The military fame of general
Keith was now spread over all Europe, and had attracted in a particular
manner the notice of the warlike Frederick of Prussia, who lost no time in
inviting him into his service, offering him the rank of a field marshal and
the governorship of Berlin, with ample means to support the dignity of these
situations. These offers were too tempting to be refused. The general
accepted them, and immediately proceeded to the Prussian court. His affable
manners and military genius soon won him the personal esteem of his new
master, who not only admitted but invited him to the most familiar
intercourse, travelled with him throughout his own dominions and those of
the neighbouring states, and acknowledged him as an adviser in matters of
military business, and as his companion in his hours of relaxation. For some
time after his arrival in Prussia the marshal enjoyed a respite from
military service, Frederick happening then to be, we cannot say at peace,
but not at actual war with any of the European powers.

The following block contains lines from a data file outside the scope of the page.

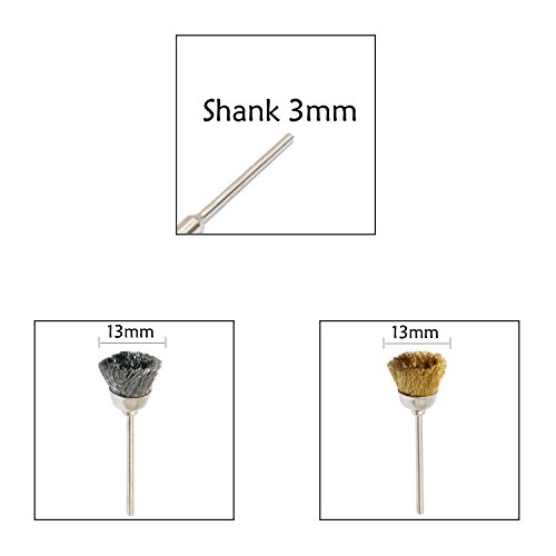 -. Feature : Shank diameter: 3 mm / New 40 Pieces wire brushes kit / Do not run in excess of 15,000 RPM / They will fit your hand drill, drill press & your Dremel and Foredom tool with a 3mm collet / Removes rust and corrosion - Use on items made of brass, copper, gold or other soft ferrous metals-such as tools, door knobs, automobile parts and electrical contacts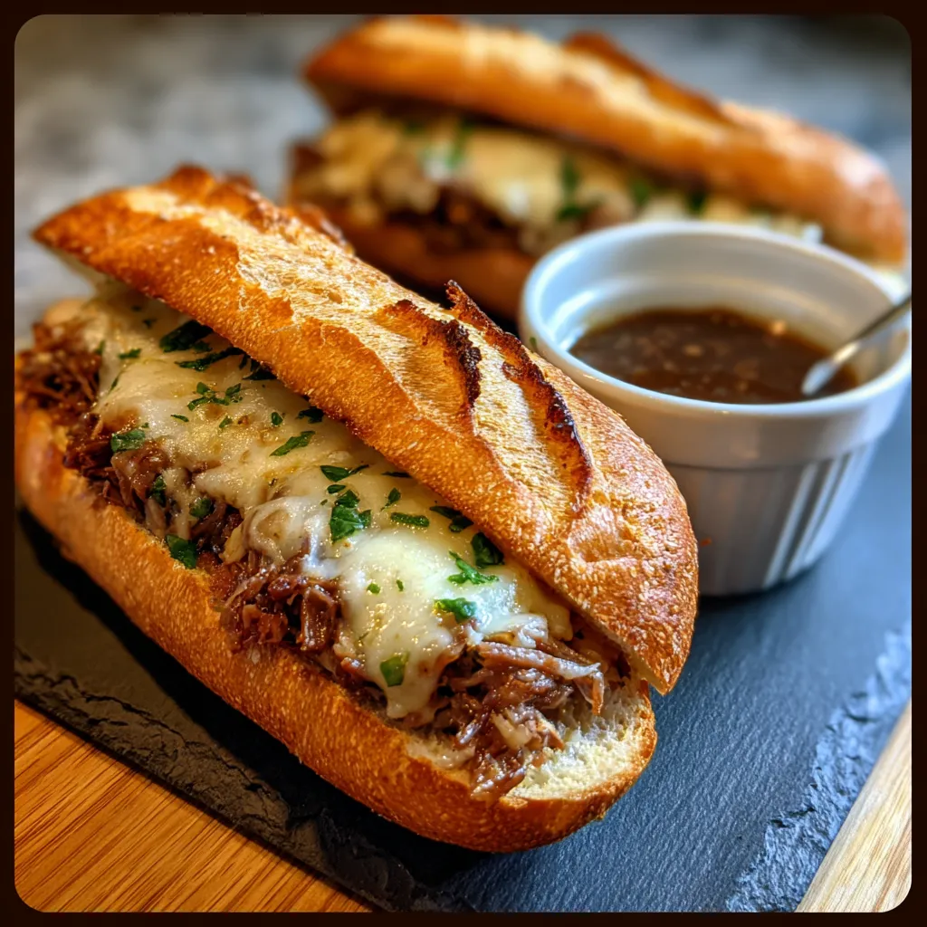 This isn’t just any sandwich; it’s an experience. Imagine succulent, slow-cooked beef, infused with savory herbs and rich beef broth, piled high on a toasted baguette with melted provolone cheese. And of course, the star of the show – that incredible, savory au jus, perfect for dipping. This recipe truly transforms a simple weeknight into a special occasion, delivering maximum flavor with minimal effort, making it the ultimate easy dinner and comfort food staple.
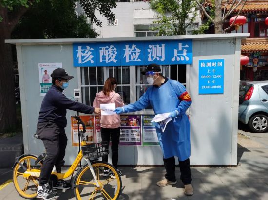 逆行而上,密切协作,齐上阵。5月份以来,人大侨联疫情防控志愿服务队与属地海淀街道侨联联合开展社区疫情防控宣传工作,印制疫情防控履行主体责任须知等宣传材料,走进社区宣传“动态清零”总方针。5月12日,市侨联常委、校侨联主席、留联会理事长、海淀区侨联副主席殷强教授,海淀街道侨联副主席、人大留联会副理事长、物理系教授张芃,人大留联会副秘书长、心理学系李永娜博士,哲学院教授张立波,侨眷、校书法家协会主席孙国农等人大侨联疫情防控志愿服务队员,和海淀街道党群工作办公室负责人胡进军、海淀街道侨联秘书长郭佳欣,区侨联委员、高等教育出版社编辑李晓荣、海淀妇幼医院李苹等同志一同在海淀街道的社区、核酸检测点参与疫情防控。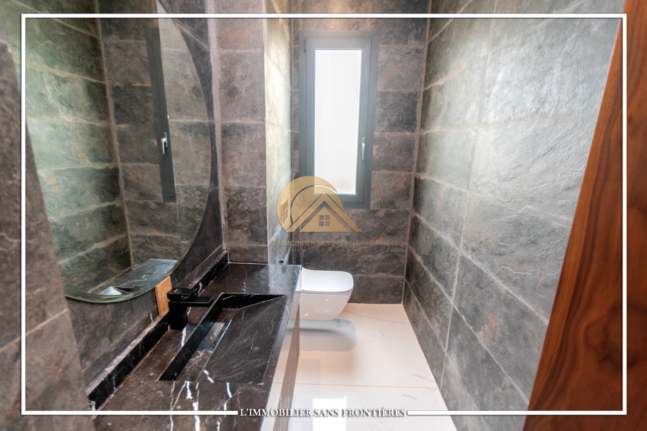 Ground floor: Modern lounge – Moroccan lounge – Suite with bathroom, closet, and central air conditioning – Guest toilet – Terrace – Wood fireplace – Bay window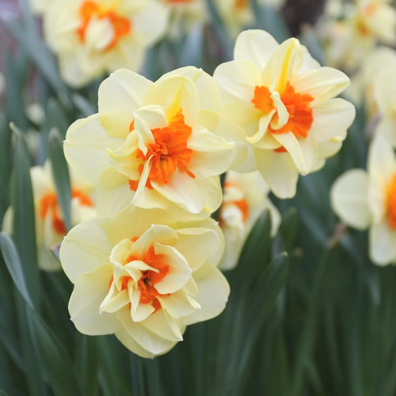 One of the sturdiest and most reliable of all double daffodils. Produces a bounty of bright yellow blossoms, accented with red-orange ruffles. Long-lasting, heat-resistant flowers on sturdy stems.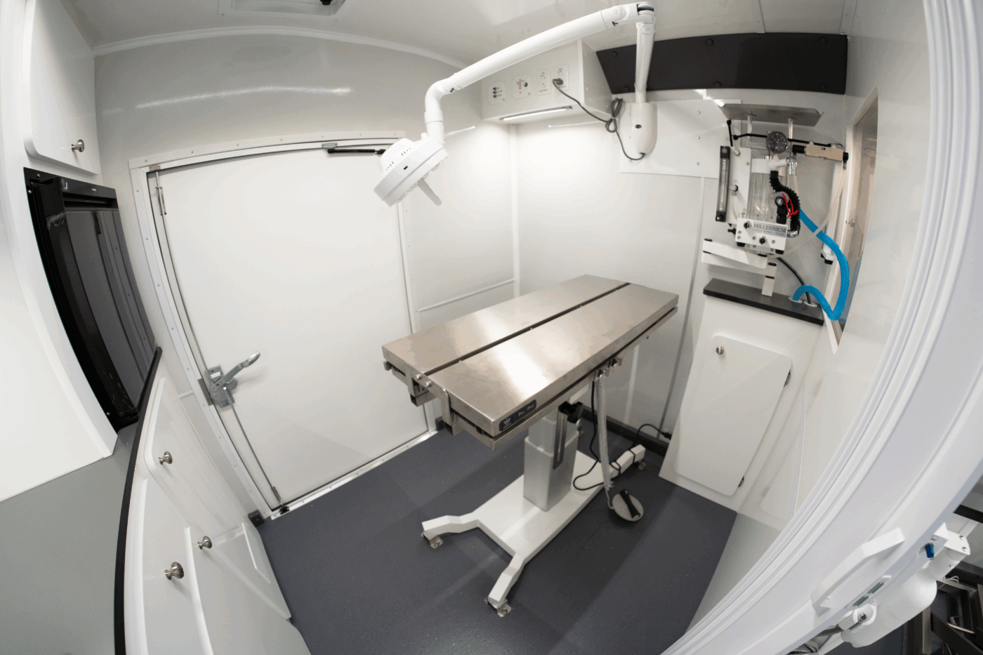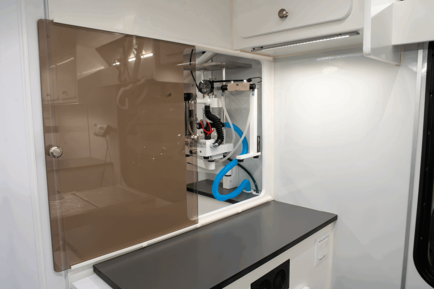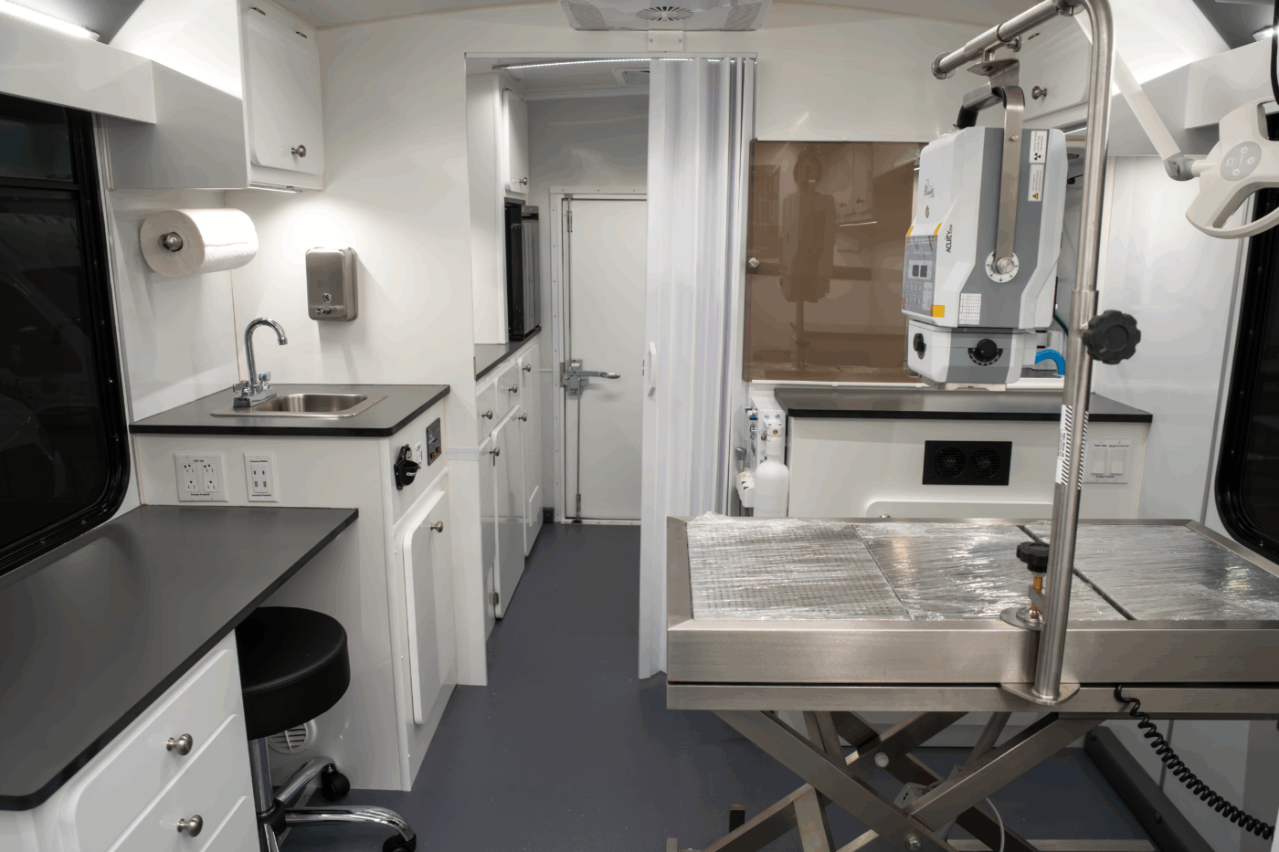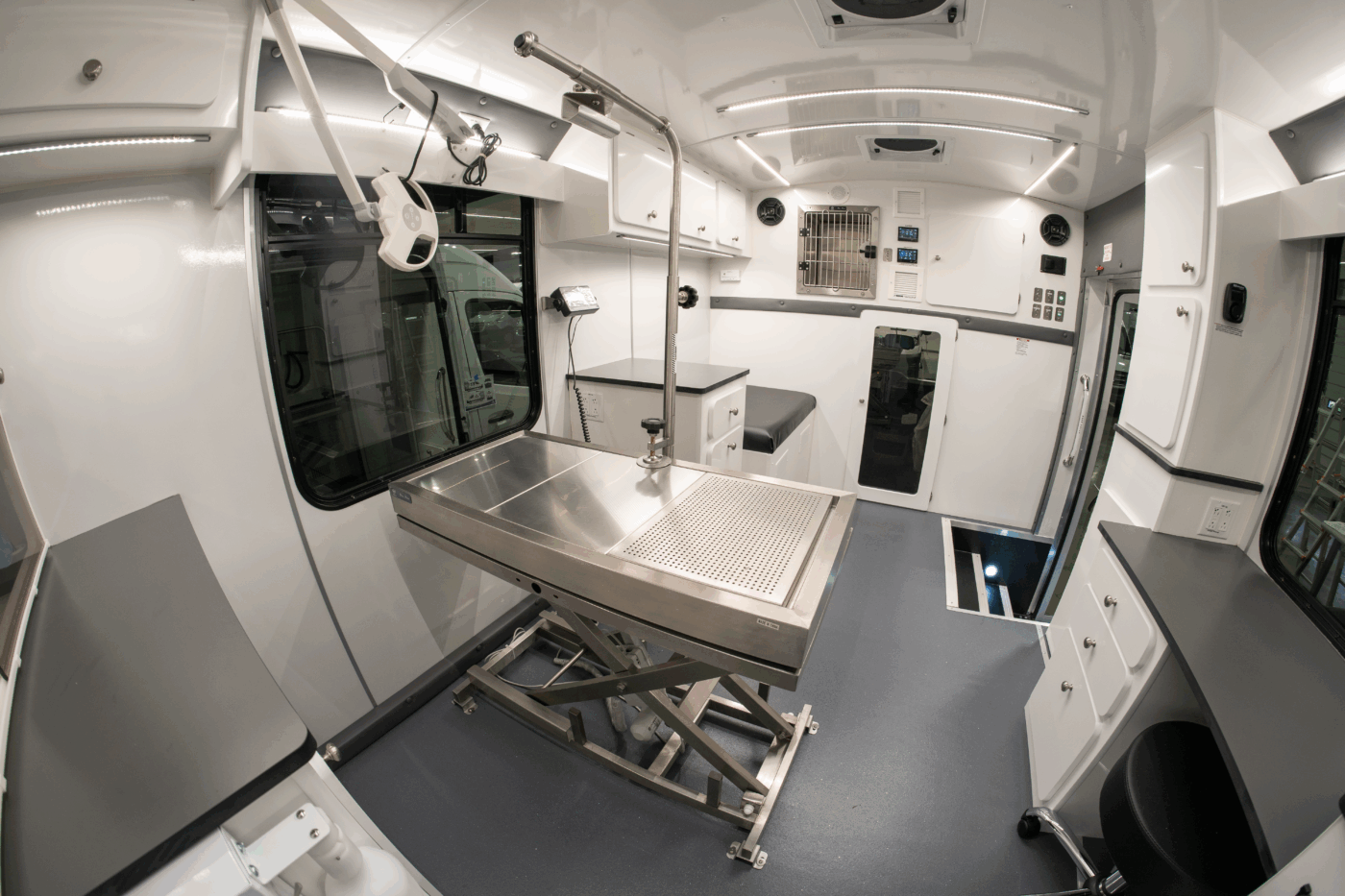 - Wag’n Tails CleanPower System™ – 1,200-amp-hour lithium battery pack with internal heater, remote monitor display, upgraded 15,000 BTU rooftop air conditioner, dual 3000W inverters, solar panels on roof, variable speed K9II Dryer and additional electric heater in rear area. Onan Generator not included with Wag’n Tails CleanPower System option. (Access to power outlet required for nightly charging when not in use). For more details go to www.mobilevetclinic.com/CleanPowerSystem

This leisure he
devoted to literary pursuits, entering into and maintaining a correspondence
with some of the most eminent politicians and philosophers of the day, all
of whom bear testimony to the great talent and ability with which he
discussed the various subjects on which he wrote, and not the smallest
portion of their praise was bestowed upon the elegance and felicity of
language which his correspondence exhibited.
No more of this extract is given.